Em relação à lista de conteúdos, tivemos em todas elas de alguma maneira a

estrutural, já que todos os livros traziam vários assuntos gramaticais. O livro Muito Prazer,

Bem-vindo e Diálogo Brasil enfatizaram a temática e a situacional. Passagens trouxe uma lista

mais funcional e estrutural, ao passo que Português via Brasil deu ênfase no aspecto estrutural

e temático.

Por fim, todos os livros se enquadram na modalidade de curso geral de português

para estrangeiros, diferenciando-se apenas no nível, nas disposições dos componentes

linguísticos e na forma como concebem cultura.

A análise dos livros nos fez alcançar os objetivos da nossa pesquisa: saber de que

maneira o PB estava sendo observado nesses manuais.

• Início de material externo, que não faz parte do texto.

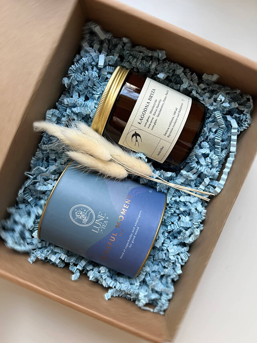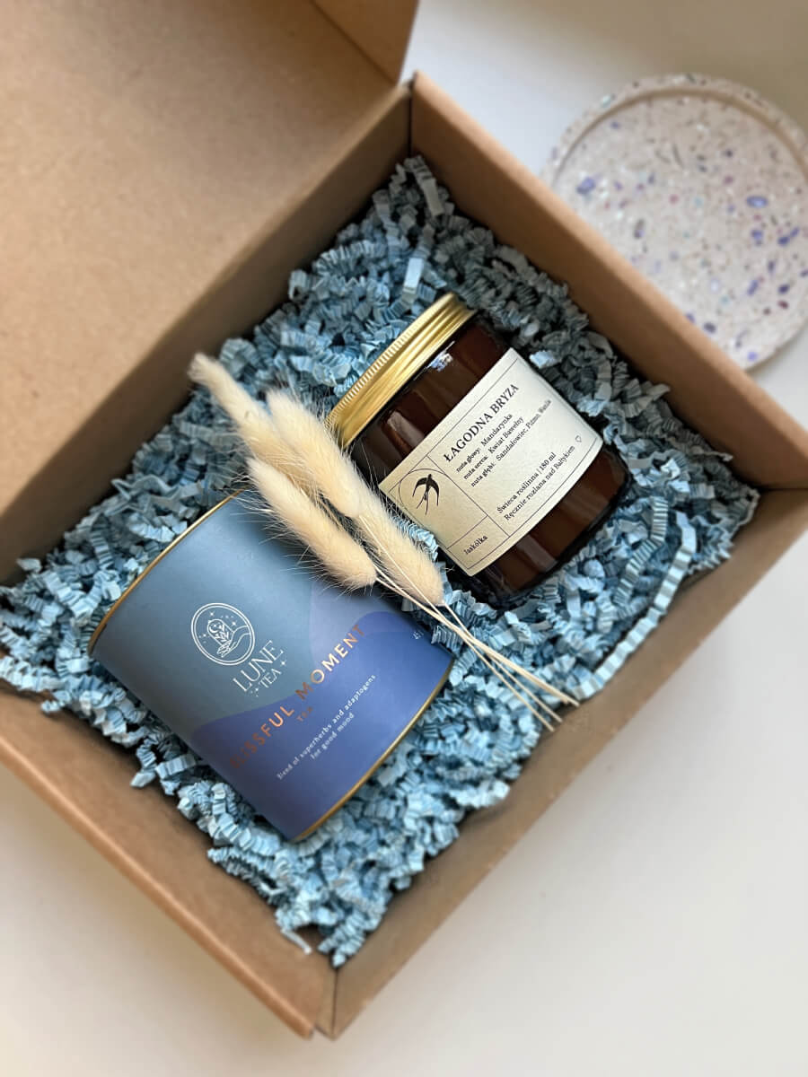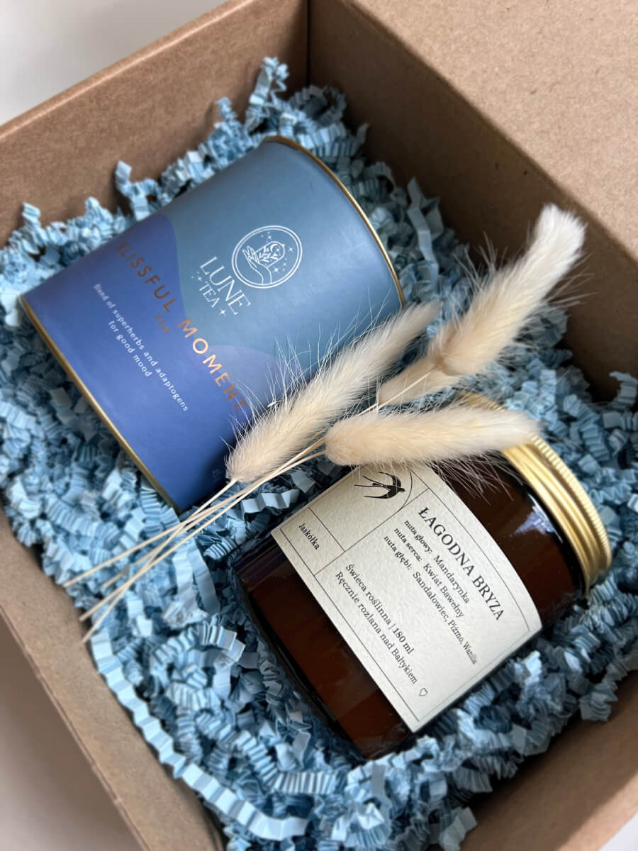 Połączenie świecy i niebieskiej herbaty pozwoli na chwilę oddechu, kiedy wszystko pędzi do przodu. Podaruj to pudełeczko osobie, której się przyda!
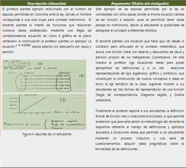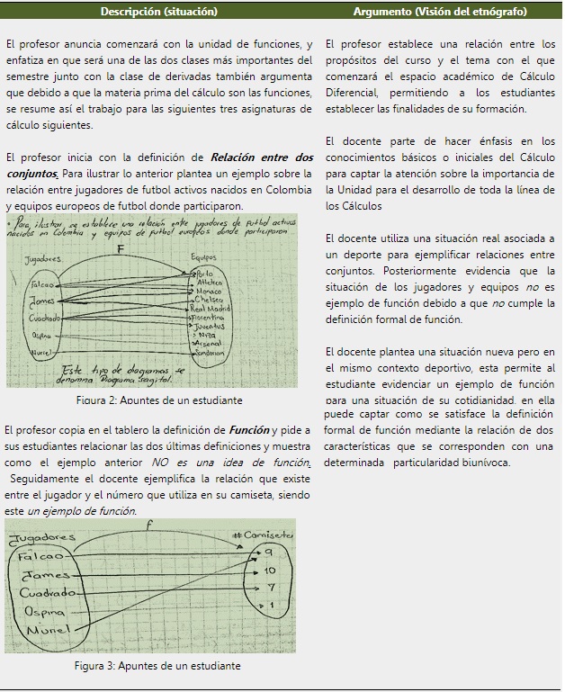 En este apartado los resultados y la discusión se presentan en función de los episodios de dos profesores en una clase de cálculo diferencial e integral respectivamente durante dos horas de clase en el primer semestre de 2017. La información obtenida y el registro de estos episodios se obtuvieron a partir de un registro en un diario de campo configurado por las notas de clase de los profesores, los apuntes de los estudiantes y una entrevista semiestructurada a los profesores. En este sentido, los dos episodios son presentados y discutidos mediante la triangulación de la información obtenida de estos instrumentos mencionados como se presenta en la siguiente tabla

O PB nas quatro variantes observadas

não tem sido apresentado de maneira satisfatória, sendo trazidas, em sua maioria, de maneira

normativa. Sabemos que o uso de clíticos na fala praticamente está extinto e que a principal

maneira de retomar um objeto direto de terceira pessoa é por meio da anulação do objeto. O

verbo ter existencial acabou não aparecendo em dois manuais e as estratégias de relativização

também não apareceram em dois manuais. As estratégias de relativização, novamente,

aparecem apenas na forma padrão, o que distancia ainda mais o português do livro didático do

português brasileiro falado. As questões levantadas nesse trabalho podem servir de base ao

professor que usa ou precisará usar esses livros em situações de ensino-aprendizagem para

que, conhecendo as principais características do PB falado, desenvolva, acrescente, substitua,

modifique as atividades presentes nos manuais. Acreditamos, assim, que apesar das falhas

apontadas na investigação das variantes, nossa proposta trouxe uma contribuição positiva aos

livros de Português para Estrangeiros, já que colocamos questões que podem melhorá-los.